Opinion / Op-Ed Contributors

Upgrade outbound investment

By Xian Guoyi (China Daily) Updated: 2013-11-08 08:18

Chinese investors need broader global perspective so it is oriented toward the high end of the global value chains

China's outbound direct investment has grown by leaps and bounds over the last decade or so, from $2.7 billion in 2002 to a record high of $87.8 billion in 2012, and it is estimated it will exceed $100 billion by the end of the 12th Five-Year Plan period (2011-15).

Upgrade outbound investment
File Photo / China Daily

But despite having emerged as the world's third-largest outward investor, China is in urgent need of broadening its global perspective on outbound investment. In the initial stages of reform and opening-up, China's ODI was basically aimed at setting up small trading companies or offices to establish overseas contacts or provide supporting services for the country's export and import trade.

And after more than three decades of reform and opening-up, to a great extent, the country's outward investment is still oriented to foreign trade and domestic manufacturing, and of little significance for the integration of global resources. Statistics from the Chinese Ministry of Commerce show that about 65 percent of China's ODI in 2012 went to the leasing, commercial service and mining sectors, indicating an investment structure that is out of step with the circumstances in the post-financial crisis era.

The international investment climate has been undergoing profound changes since the onset of the global financial crisis. First and foremost, international investment has become an important means for developing countries to integrate into the global economy, participate in the division of labor within the global value chains and realize their industrial and technological upgrading.

If China continues to excessively orient its outward investment to the low-end manufacturing and export sectors, it will miss the opportunities to integrate global resources, especially advanced technologies, and be kept at the low end of global value chains. That is one of the reasons why China's outward investment requires a broad global perspective.

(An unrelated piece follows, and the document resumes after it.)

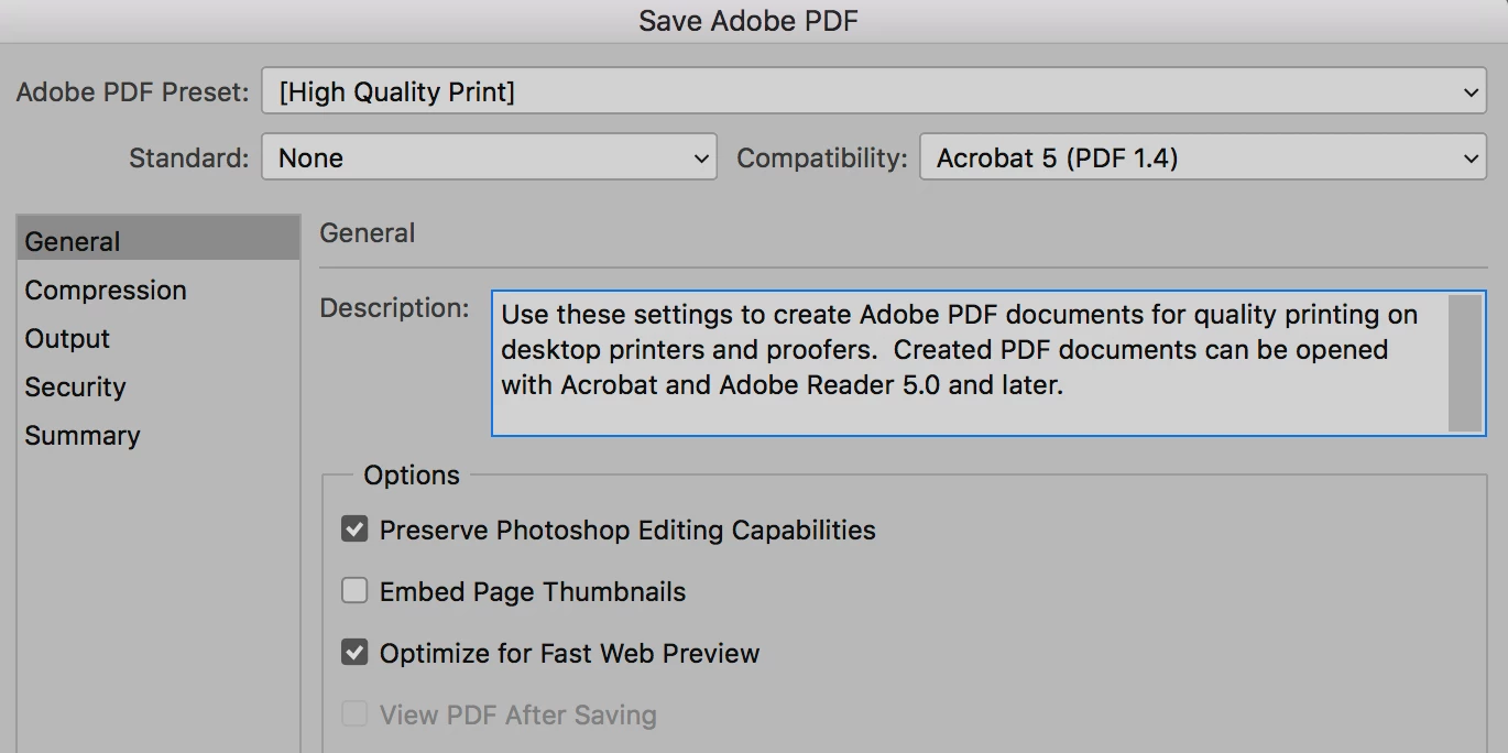 You will get a dialog box that lets you select an existing preset or customize the settings. There are four tabs (plus the summary) on the left where you can customize.

Also, in the context of the third industrial revolution, which features the development of Internet technologies and renewable energies, no country is capable of technological monopoly as the globalization of research and development is already underway. Production in this era will be decentralized in low volumes and customized with designs tailored for regional and even individual tastes. These will change the international division of labor, where, at present, developed countries dominate the research and development process while developing economies mostly undertake manufacturing.